About this exercise:
Each entry should be printed exactly, with its images omitted.

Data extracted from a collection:
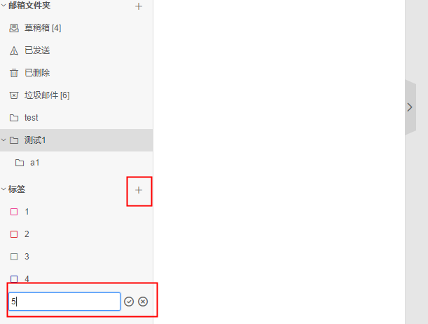 1、登录邮箱后,点击左侧“邮件”,在标签管理界面,点击“+”号,输入标签名称保存。
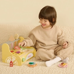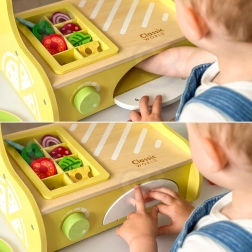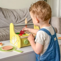 Dzięki bogatym akcesoriom dzieci trenują małą motorykę, logikę układania oraz umiejętności społeczne podczas wspólnego gotowania i serwowania. Zabawka wykonana jest z certyfikowanego drewna FSC i bezpiecznych materiałów, przyjaznych dla dzieci i środowiska.
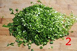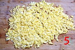 将大块的鸡蛋剁成碎末(当然不愿意吃太碎的爱吃大块鸡蛋的也可以不剁)。
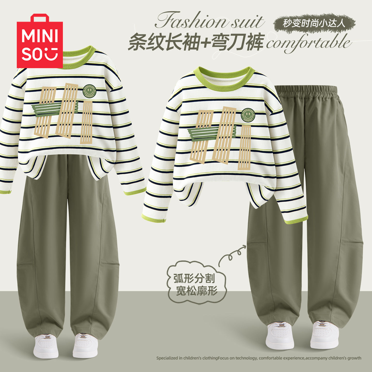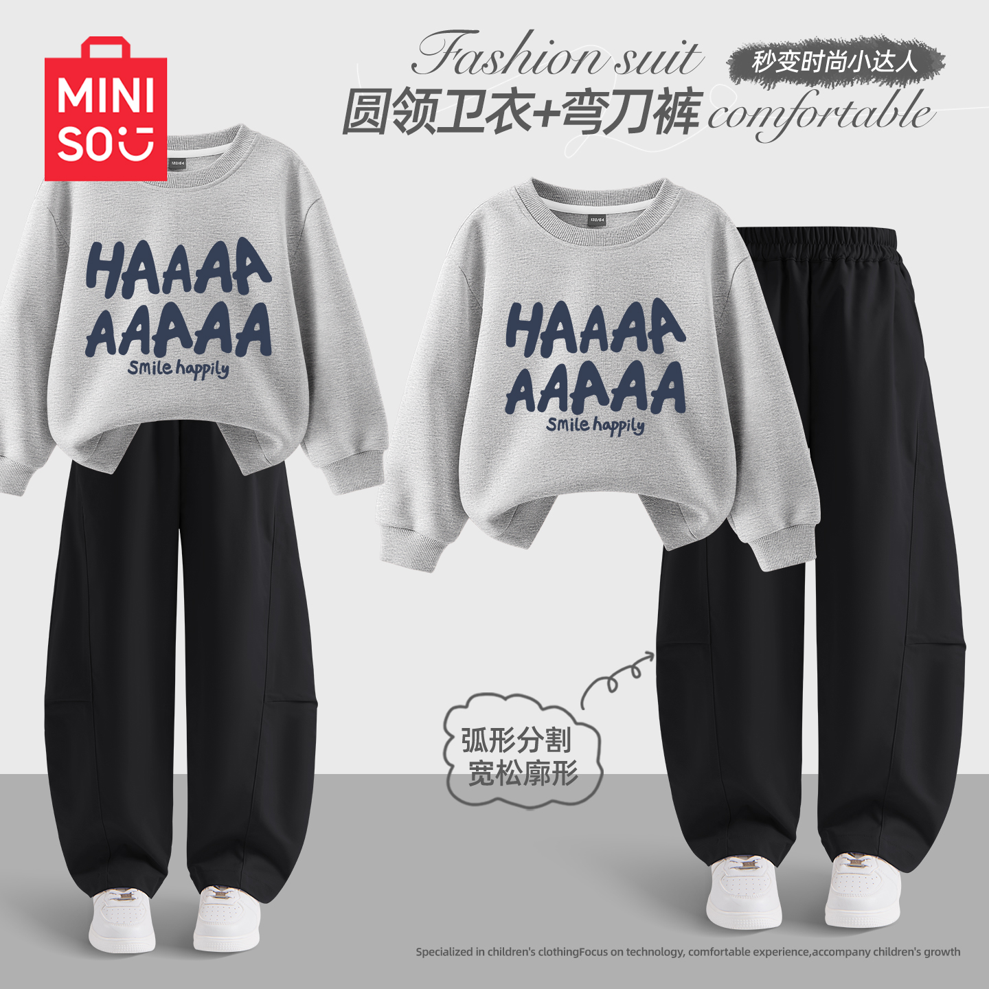 运动服休闲儿童衣服卫衣潮 男大童秋装 名创优品男童秋套装 2025新款
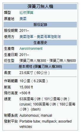 「神風敢死隊」彈簧刀無人機性能諸元︰
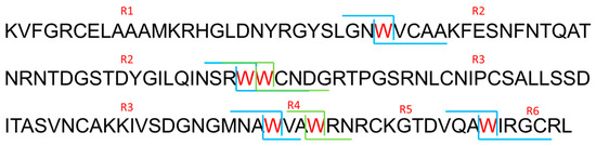 Finally, to have further confirmation of the scissor-like behavior of Star3600_Hg towards LSZ, the MALDI-TOF mass spectra of the pristine (Figure 11, black line) and 80 min irradiated (Figure 11, magenta line) Star3600_Hg-lysozime system were acquired. The MALDI-TOF spectrum of pristine lysozyme shows peaks due to the presence of the molecular species as single charge at about m/z 14400 (LSZ+) and double-charged species at about m/z 7200 (LSZ++). Instead, the irradiated mixture spectrum shows several broadened peaks, belonging to the different species originating from the cleavage of the sites where there are l-Trp residues, as shown in Table 3 and in Figure 12 (l-Trp residues are indicated with the red letter “W”). Based on the experimental data, we suppose that the aminoacidic sequence can be cleaved in every position (or neighboring to AA residues) where there are l-Trp residues. Similar results were obtained for both excitation wavelengths.
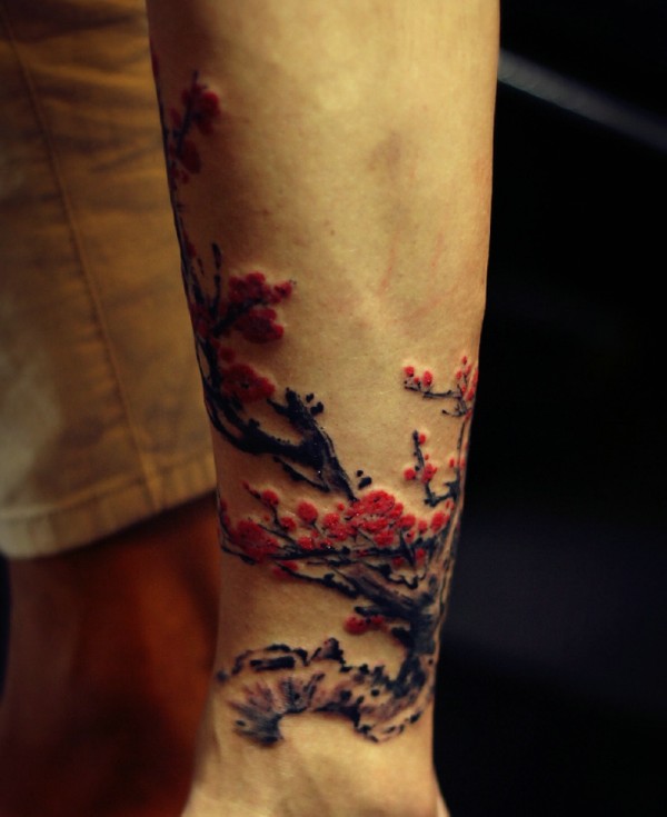 清新花朵腿部纹身图案图片_植物纹身图案大全_纹身图吧
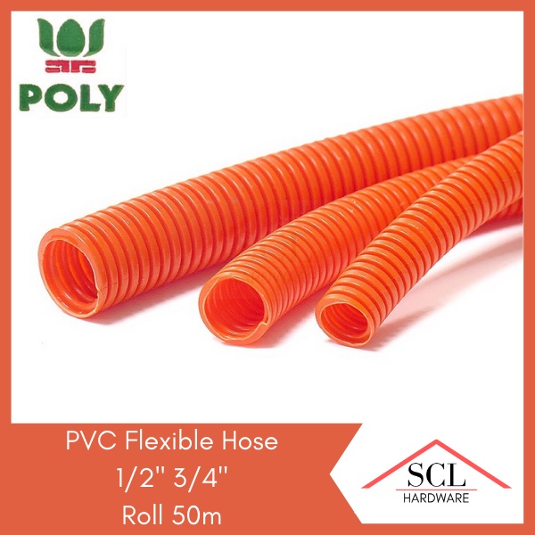 POLY PVC Flexible Hose 1/2" 3/4" Sold per roll (50m) Orange Flexible Hose (Polyflex)
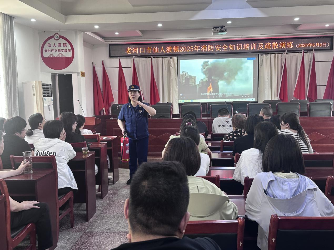 6月6日,仙人渡镇联合市消防救援大队开展消防安全培训及实战演练活动。镇机关干部、“九小场所”经营户及企业负责人等参加活动。

Answer section:
 1、登录邮箱后,点击左侧“邮件”,在标签管理界面,点击“+”号,输入标签名称保存。
 Dzięki bogatym akcesoriom dzieci trenują małą motorykę, logikę układania oraz umiejętności społeczne podczas wspólnego gotowania i serwowania. Zabawka wykonana jest z certyfikowanego drewna FSC i bezpiecznych materiałów, przyjaznych dla dzieci i środowiska.
 将大块的鸡蛋剁成碎末(当然不愿意吃太碎的爱吃大块鸡蛋的也可以不剁)。
 运动服休闲儿童衣服卫衣潮 男大童秋装 名创优品男童秋套装 2025新款
 「神風敢死隊」彈簧刀無人機性能諸元︰
 Finally, to have further confirmation of the scissor-like behavior of Star3600_Hg towards LSZ, the MALDI-TOF mass spectra of the pristine (Figure 11, black line) and 80 min irradiated (Figure 11, magenta line) Star3600_Hg-lysozime system were acquired. The MALDI-TOF spectrum of pristine lysozyme shows peaks due to the presence of the molecular species as single charge at about m/z 14400 (LSZ+) and double-charged species at about m/z 7200 (LSZ++). Instead, the irradiated mixture spectrum shows several broadened peaks, belonging to the different species originating from the cleavage of the sites where there are l-Trp residues, as shown in Table 3 and in Figure 12 (l-Trp residues are indicated with the red letter “W”). Based on the experimental data, we suppose that the aminoacidic sequence can be cleaved in every position (or neighboring to AA residues) where there are l-Trp residues. Similar results were obtained for both excitation wavelengths.
 清新花朵腿部纹身图案图片_植物纹身图案大全_纹身图吧
 POLY PVC Flexible Hose 1/2" 3/4" Sold per roll (50m) Orange Flexible Hose (Polyflex)
 6月6日,仙人渡镇联合市消防救援大队开展消防安全培训及实战演练活动。镇机关干部、“九小场所”经营户及企业负责人等参加活动。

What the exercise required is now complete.